Он изучающе посмотрел на Алексеева.

— Давно в партии?

— С двенадцатого года.

— Пять лет, значит. Для ваших лет это стаж. Годков-то сколько?

— Двадцать.

— А мне за сорок перевалило… Ну, давайте познакомимся. — Человек сел, протянул руку. — Усачев моя фамилия, Иван Петрович. Спасибо за уход. Тут карцер почище всех, какие только в других тюрьмах. Везде холодище, а туг — рядом с машинной топкой находится. Жара жуткая. Это бы и хорошо, да параши нет, на двор не выводят. Все делаешь прямо на пол. Отсюда смрад и духота невыносимые, дышать невозможно. И темень кромешная, полнейшая. Чуть в сторону двинул — и в дерьме. Девять дней отбухал… Ничего, через пару деньков очухаюсь.

Но уже через час Усачев встал, сдвинул матрац под кровать к Алексееву и начал вышагивать по камере.

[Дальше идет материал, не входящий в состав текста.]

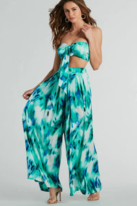 Indulge in high-end artsy style in these satin wide-leg pants you need for vacay! The satin fabric and abstract print make a statement, while the flattering high waist and wide-leg silhouette offer a breezy look. Pair with the matching top and sunglasses for a chic style!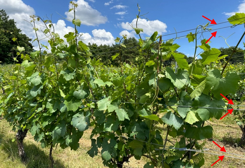 ↓欧州系品種で一般的な垣根仕立てです。このシャルドネの畑では、長梢剪定のギヨ・サンプルが採用されています。これは、冬の剪定で、主幹に近い前年度の結果枝を水平に誘引し、そこから数本のシュートを伸ばして結実させる仕立て方です。このワイナリーでは、短梢剪定のコルドン・ロワイヤもメルロー種で採用されているようです。

Пять шагов вперед, пять назад, пять — вперед, пять — назад…

У Алексеева зарябило в глазах от его движений, он закрыл их. Усачев заметил это.

— Что — устал смотреть? II я устал. Ну-ка дай отдохну. — Он тяжело сел в ногах у Алексеева. Пот градом лил с его лица. — Вы запомните, юноша: в тюрьму сажают не для того, чтобы ты жил. Тюрьма убивает. Холод, голод, побои, карцер — все для этого. Но страшны не они, а бездействие. Смерть начинается, когда дряхлеют мышцы, тело. Потом приходят всякие болезни — и конец. Вот потому и вышагиваю. Но болезнь тела — еще полбеды…

Усачев вдруг прервал мысль.

— А где сосед из тридцать восьмой? — спросил он у Алексеева.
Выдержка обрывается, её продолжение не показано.